Exhibit A: avalanche deaths (time series data)
Let's start with a simple quantitative (if morbid) example: Avalanche deaths. We can better understand just how extreme the Rigopiano avalanche was if we put it into context. But what sort of context makes sense? If we consider geography, we can imagine concentric circles around Rigopiano.
On one extreme, we could consider other avalanches at Rigopiano specifically. But for most people, especially outside of Italy, this is too specific. Expanding our search, we could consider all of the Apennines (the mountain range containing Rigopiano), but I found that getting data for avalanche fatalities in this region was challenging. The outermost circle of the map above represents the European Alps, which does not include the Apennines. But it is the geographically closest region with readily available data.
This spreadsheet contains data that I extracted from Avalanche fatalities in the European Alps: long-term trends and statistics, which includes contiguous coverage from 1970 to 2015. Naturally, the paper didn't link to a data set, so I had to create the spreadsheet by visually inspecting the graph (ouch).
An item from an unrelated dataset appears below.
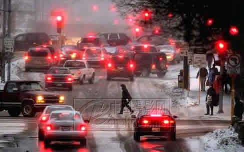 美国威斯康辛州州报(Wisconsin State Journal)记者斯蒂夫(Steve Apps)1月21日下午拍摄在麦迪逊。一场大雪使当地交通陷入混乱。
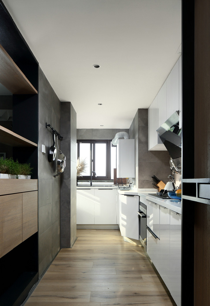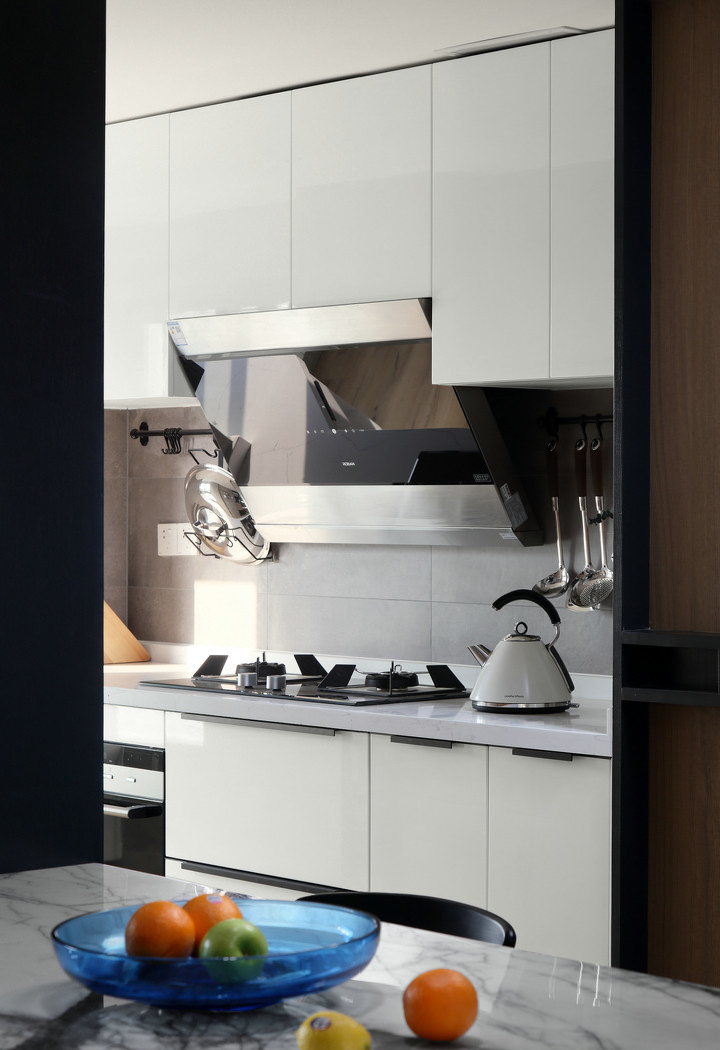 High Glossy White Lacquer Finished One Wall Kitchen Cabinets

The paper contains some interesting findings. For example, the number of avalanche deaths in controlled terrain (eg. ski resorts, where ski patrol engages in avalanche control tactics) has decreased significantly, but that the number of avalanche deaths in uncontrolled terrain remains significant (in the Alps, 100 yearly) and stable. Note that the numbers are not adjusted for the increasing global population, or for the increasing numbers of back country tourists.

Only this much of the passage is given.